I sympathise with those with Terminals that don't display {}#'~ etc,
but that is no reason to screw up the C language!

gwyn@brl-smoke.UUCP (05/28/87)

In article <4051@teddy.UUCP> jpn@teddy.UUCP (John P. Nelson) writes:
>That may be, but they are still UGLY!  The proposed standard says that
>a conforming C implementation must be able to accept source code with
>trigraphs in it:  I would rather see it be optional, or implemented as
>a pre-processer external to the compiler itself.

Absolutely; such issues are properly in the domain of the programming
environment, not the language.  My guess is that, unless there is
strong sentiment expressed FOR trigraphs at the Paris meeting,
trigraphs stand a good chance of being removed from the final ANS.

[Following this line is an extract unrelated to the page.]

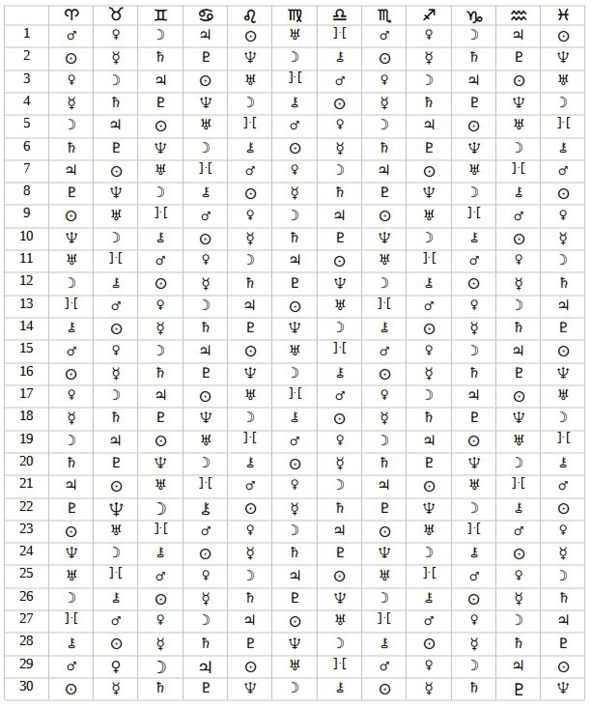 Сначала разберемся как был составлен данный календарь. Порядок следования планет всегда одинаков. Первые семь градусов соответствуют планетам, начиная с Овна, которым управляет Марс, на ним следует Солнце, затем Венера, Меркурий, Луна, Сатурн и Юпитер. Через семь градусов, начиная с восьмого, планеты септенера, кроме Луны и Солнца, заменяются на их соответствующие планеты высшей октавы:
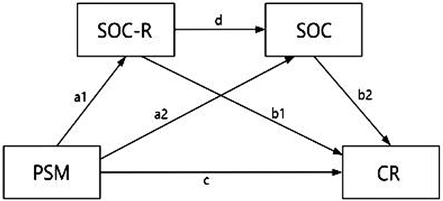 We examined SOC-R and SOC as chain mediators between PSM and CR, as shown in Figure 1. Therefore, three indirect effects of PSM were specified: (1) through SOC-R (a1, b1); (2) through SOC (a2, b2); and (3) through SOC-R and SOC (a1, d, b2). Significant results support the chain mediation model (Hayes, 2018).

Incidentally, I've threatened to publish a portable (ANSI C!)
preprocessor that will process portable ANSI C source text files and
strip #pragma directives and substitute normal C source code
characters for trigraphs.  I'm waiting to see whether it's going to
be necessary.

gwyn@brl-smoke.UUCP (05/28/87)

In article <5899@brl-smoke.ARPA> I wrote:
>I've threatened to publish a portable (ANSI C!)
>preprocessor that will process portable ANSI C source text files and
>substitute normal C source code characters for trigraphs.

I should have pointed out that the point of my threat is that the
dpANS GUARANTEES that I will be able to implement this portably
(in a hosted environment, of course), thereby reinforcing my
position that this issue is environmental.  Note that the dpANS
does not specify the particular character set encoding, for reasons
that should apply equally well to (not) specifying the characteristics
of text output devices.  It is implied that the set of glyphs set
forth for the C source character set in the ANS is somehow the
"official" set, but of course few sites (other than those with
Imagen 300dpi laser printers and a particular version of UNIX DWB)
will be able to exactly reproduce the glyphs.  Most will settle for
a good approximation.  What is considered to be a good approximation
is really not the business of the ANS, just as magtape source
interchange formats are outside the scope of the ANS.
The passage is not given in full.